Elu Président de la République, il garda une attention particulière à son département. Revue des réalisations qui n’auraient certainement pas vu le jour sans l’arbitrage du chef de l’Etat dont on célèbre cette année les 40 ans de l'élection à la Présidence de la République.
• Magny-Cours et le sport automobile

La trace la plus indélébile de François Mitterrand dans la Nièvre est certainement la transformation du circuit de Magny-Cours, un tout petit circuit privé créée en 1961 par son ami Jean Bernigaud, en circuit de Formule 1 qui accueillit le Grand Prix de France pendant 17 ans, de 1991 à 2007, ainsi que le Bol d’Or (la version moto).

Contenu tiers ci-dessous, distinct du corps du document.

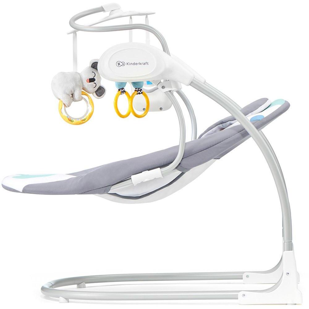 Columpio eléctrico con panel de control, carrusel y tres juguetes que estimulan el desarrollo y la curiosidad.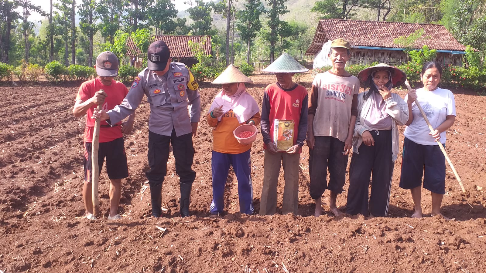 Bhabinkamtibmas Desa Prayungan Polsek Sawoo Dukung Program Ketahanan Pangan Melalui Penanaman Jagung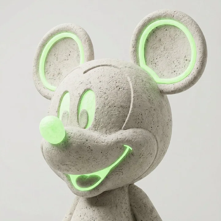 Close-up three-quarter bust sculpture of [Character Name] carved from grey-white travertine limestone. Head fully visible, no part of the head cropped. Hair and top of head completely inside the frame. Cropped at upper chest level. Shoulders clearly visible. Head and shoulders fill the frame without cutting the top. Tight framing but full head preserved. Three-quarter angle, slight 30-degree head turn. Natural sculptural posture. Material: grey-white travertine limestone. Chalky matte surface, dry stone texture. Fine porous micro-holes, natural pitting, subtle mineral speckles. Soft micro-roughness, powdery stone feel. Uniform light grey tone. No marble veins. No ceramic look. No resin look. No plaster look. No glossy surface. No waxy finish. No polished stone. Eyes include sculpted eyeball structure. Visible iris and pupil carved in stone. Not hollow eye sockets. Not empty eyes. Soft stone-carved iris detail. Natural stone eye depth without being realistic flesh. Eyes remain sculptural but not scary. High-key studio lighting. Bright but soft exposure. Clean luminous atmosphere. Lifted overall shadows. Soft recessed shadows in carved areas. Gentle cavity shading around eyes and under chin. Subtle ambient occlusion. No dark dramatic contrast. No deep black shadows. Background: neutral light grey seamless studio backdrop. Clean, minimal. No gradient. No vignette. No texture. Neon green glow appears only on 1–3 authentic character features. Glow follows original character traits only. No decorative lines. No circuit patterns. No extra glowing elements. Glow can appear as soft luminous surface areas. Controlled intensity. Pure clean neon green. Glow does not overpower the stone texture. Only grey-white stone and neon green. No additional colors. Ultra-detailed 3D sculpt render. Photorealistic limestone texture. Museum presentation style. Minimal aesthetic. Sharp focus. No depth of field blur. No text. No watermark. No logo.

Les énormes investissements (244 millions de francs) réalisés pour faire une piste aux standards de la F1 (4,411 km), financés en grande partie par le Conseil départemental de la Nièvre, eurent ses partisans et ses détracteurs. Toujours est-il qu’avec ses 35.000 places de parking, 44.000 en tribune et son héliport, cette petite ville située à une encablure de Nevers ne connut jamais autant d’effervescence.
Le circuit entraîna la création d’un parc technologique dédié à la mécanique du sport automobile qui connut des hauts et des bas, mais compte aujourd’hui une quarantaine d’entreprises, certaines de haut niveau comme Mygale et ses Formules 4, Danielson, Ligier Automotive. Le circuit poursuit son bonhomme de chemin avec différents championnats de deux et quatre roues, et comme lieu d’entraînement de diverses écuries.
Pour accéder plus rapidement au circuit de Magny-Cours, fut construite une autoroute gratuite, l’A 77, sur le tracé de la RN7, de Dordives (nord de Cosne-sur-Loire) à Nevers. Un long chantier (1999-2008) dont le terminus, à la frontière de l’Allier, est espéré ces prochaines années.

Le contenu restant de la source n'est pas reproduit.